### WORK INSTRUCTIONS
Beginning with the line containing "The denominator in" and going on through the line containing "- Press on the", the lines below are to be returned exactly, pictures excluded and nothing added.

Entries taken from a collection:

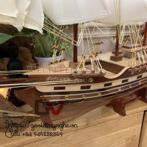 + Mô hình thuyền gỗ khi đóng gói sẽ hạ cột buồm chính xuống. Sau khi nhận hàng, quý khách hàng sẽ giương cột buồm và căng dây buồm.
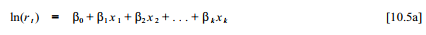 The denominator in [10.4] is termed the “exposure” and is often measured in units such as person-years. We model the logarithm of incidence rate as a linear function of one or more predictors:
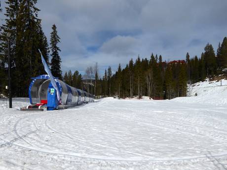 Direkt an der Talstation Skalspasset befindet sich ein überdachtes Förderband mit leichter Piste. Es liegt etwas abseits der Pisten und somit können sich die Kleinen hier in sicherer Umgebung austoben.
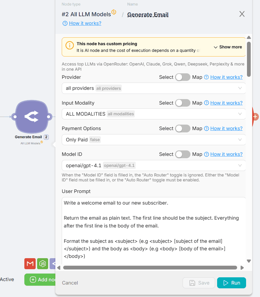 - Press on the ‘Generate Email’ Node to see the settings (e.g ChatGPT model selection, prompt, etc.).
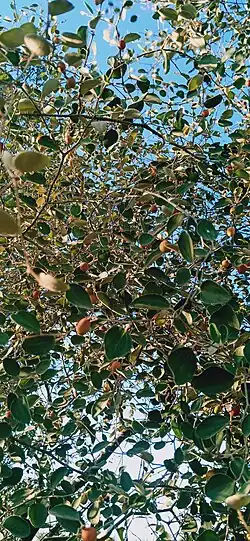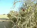 Ziziphus nummularia, commonly known as wild jujube or jharberi in Hindi,[2] is a species of Ziziphus native to the Thar Desert of western India and southeastern Pakistan, south Iran, Afghanistan, Lebanon and Zimbabwe. Ziziphus nummularia is a shrub up to 6 metres (20 ft) or higher, branching to form a thicket. The leaves are rounded like those of Ziziphus jujuba but differ from those in having a pubescence on the adaxial surface. The plant is commonly found in arid areas, hills, plains, and agricultural fields.

### YOUR SOLUTION
 The denominator in [10.4] is termed the “exposure” and is often measured in units such as person-years. We model the logarithm of incidence rate as a linear function of one or more predictors:
 Direkt an der Talstation Skalspasset befindet sich ein überdachtes Förderband mit leichter Piste. Es liegt etwas abseits der Pisten und somit können sich die Kleinen hier in sicherer Umgebung austoben.
 - Press on the ‘Generate Email’ Node to see the settings (e.g ChatGPT model selection, prompt, etc.).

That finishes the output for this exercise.